Postby Richard Akindele » Sat Jul 29, 2006 2:26 am

Issuance of visa to Nigerians has long been a thorny issue especially given the increasing number of people migrating for various reasons and the way they are treated with contempt. That was why Minister of Foreign Affairs, Dr. Ngozi Okonjo-Iweala recently promised there will be a change in visa policies. In this report, Paul Ohia revisits the tale of woes, the success stories and the way forward.

Day in day out, Nigerians are buffetted with stories of travellers being denied visas for various reasons. It is against this background that the Minister of Foreign Affairs, Dr. Ngozi Okonjo-Iweala recently assured Nigerians that the trend would change.

Speaking a few days after her appointment in the foreign ministry, Okonjo-Iweala said she would press for a review of the processes for obtaining the visa of other countries to check the growing cases of Nigerian applicants being treated with contempt by some embassies and high commissions.

Prior to her statement, many complainants argued that Nigerians going for genuine business or for studies were often denied visa while those who have no good reason to travel perfected ways of deceiving the visa officers and once the result of this poor decision starts yielding fruits in terms of crimes perpetrated by those issued visa, other genuine seekers receive ugly treatment melted out by the visa officers.

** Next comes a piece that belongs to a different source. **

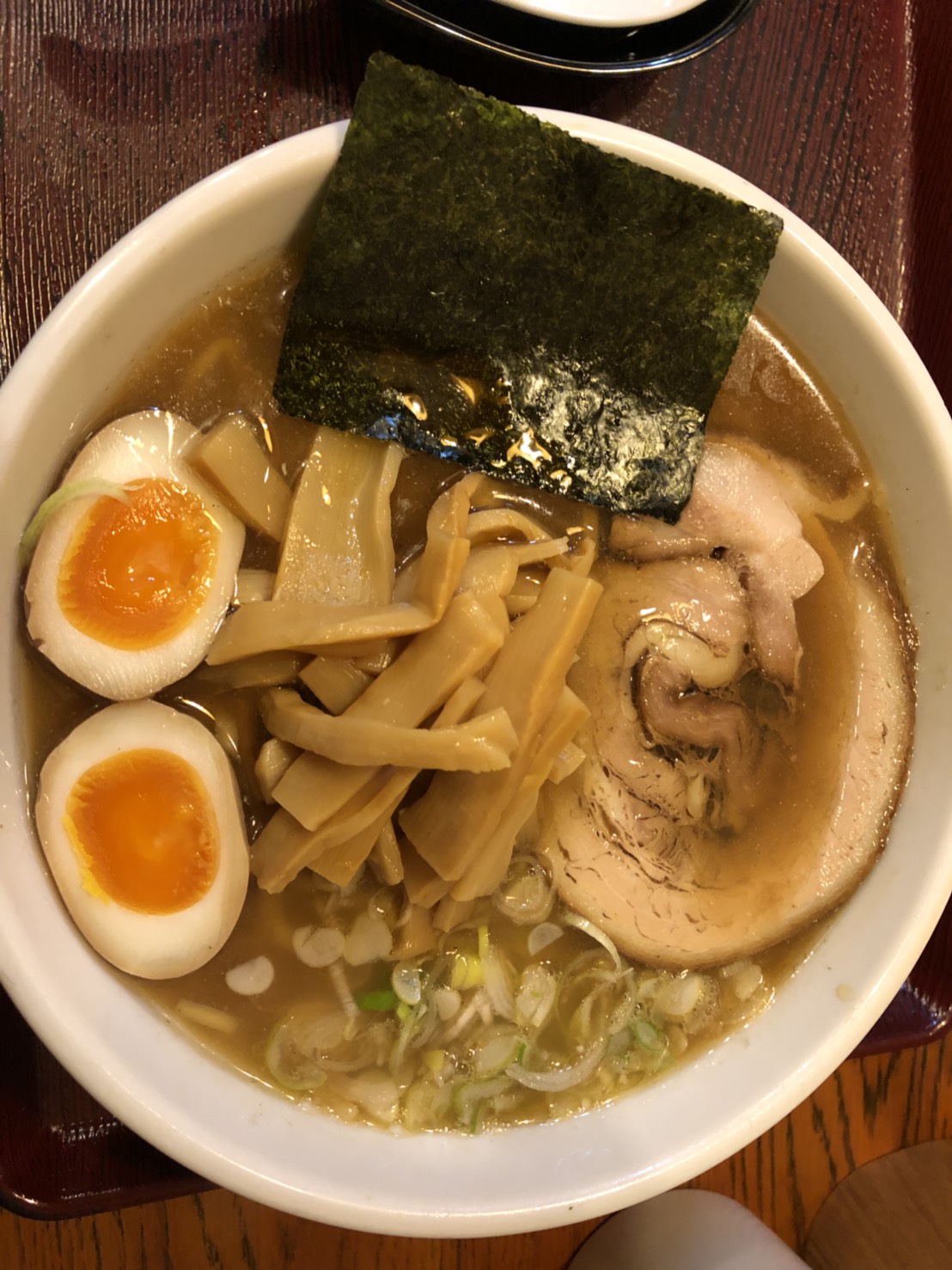 こちらは、こってりの魚介系ラーメンです。普段は塩ラーメンなどあっさり系のラーメンが好きな私ですが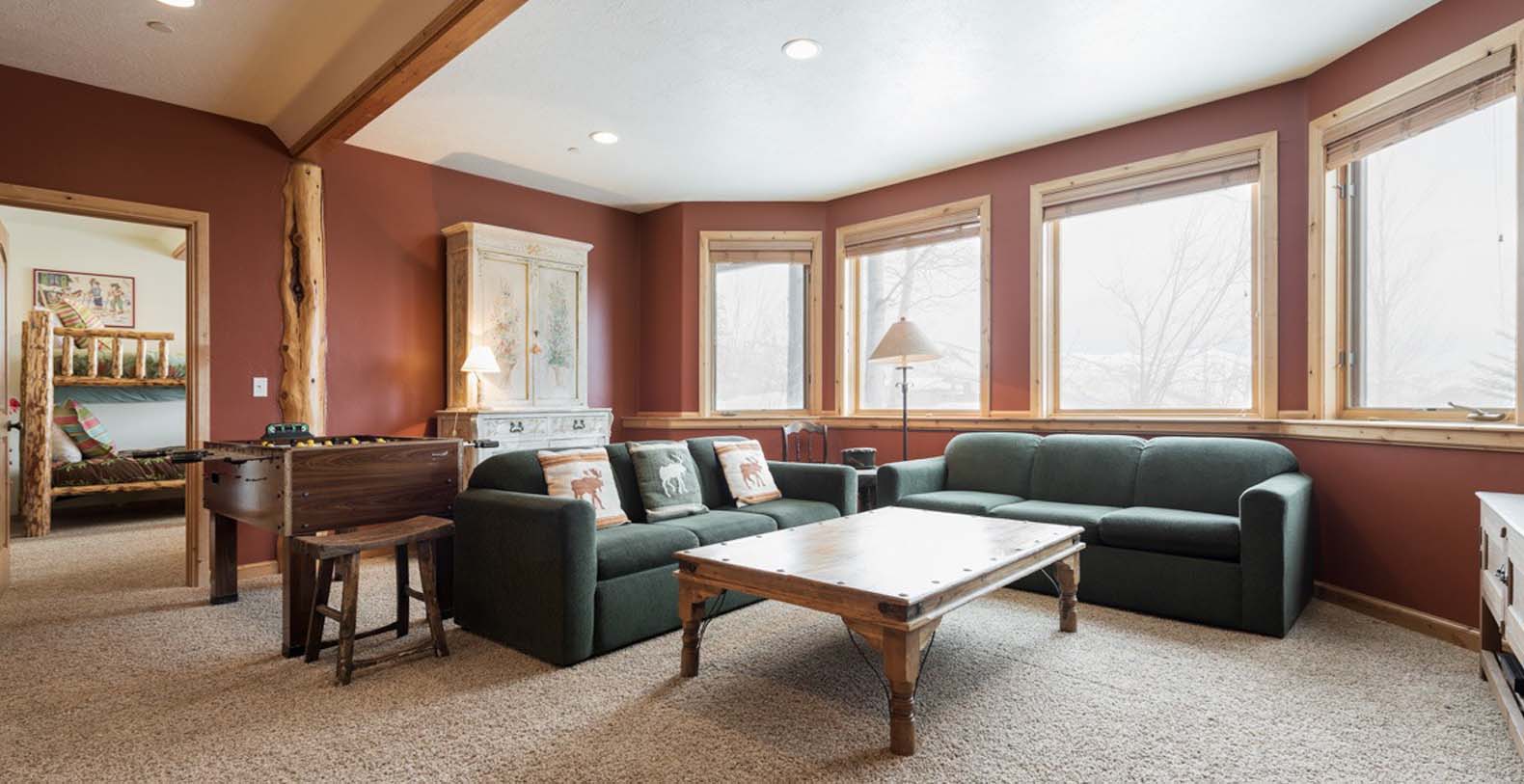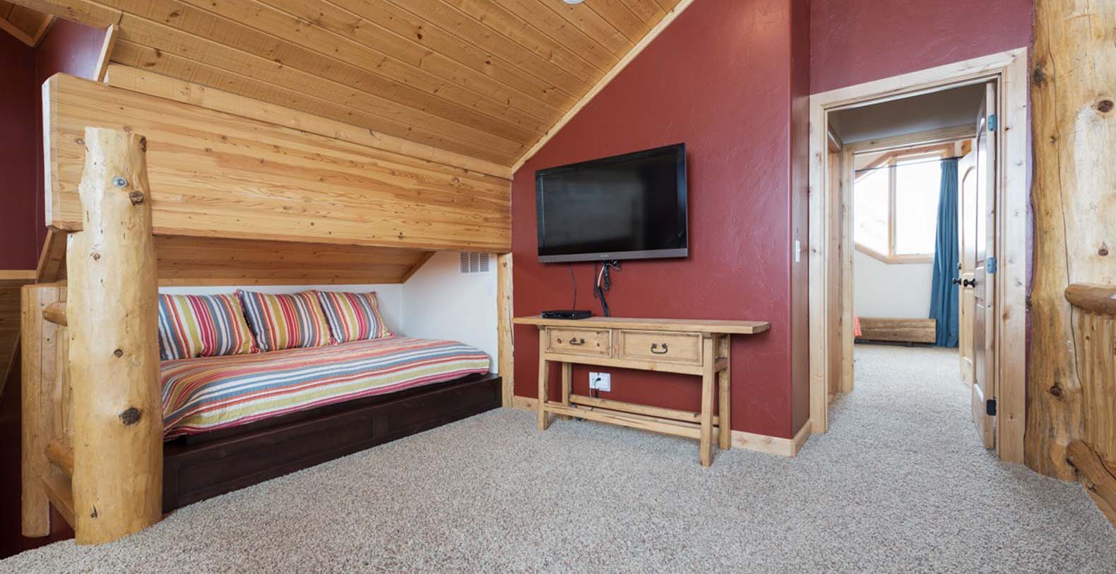 Descend to the ground floor for the perfect way to soothe sore muscles after a day exploring the slopes, trails, or golf course—utilize the private hot tub on the patio. A den offers fun for everyone with 2 sleeper sofas (a full and a single), a foosball table, a fireplace, and a TV. The kid-friendly bunk room has 2 twin-over-twin beds, and another guest bedroom is furnished with a king bed, a TV, and a private bathroom. On the third level, a cozy loft provides soft seating and a TV, along with an adjoining guest bedroom featuring a queen bed and a private bathroom.

In some cases, Nigerians have been found wanting. Desperation to escape poverty has led to attempts to travel with forged documents. In other cases, genuine applicants are wrongly turned down and embassy officials have instead been the culprits.

Scandals

Some cases of denials have been linked to scandals that have more to do with the officers at the embassies than Nigerian travelers. Recently, Switzerland was battling with different levels of visa scandals in Nigeria and other countries. Allegations ranging from sex-for-visas scandal to money laundering continued rocking Swiss diplomatic posts until advertisements were placed by the government in the Swiss press searching for a visa ombudsman to control visa practices in Swiss consular departments.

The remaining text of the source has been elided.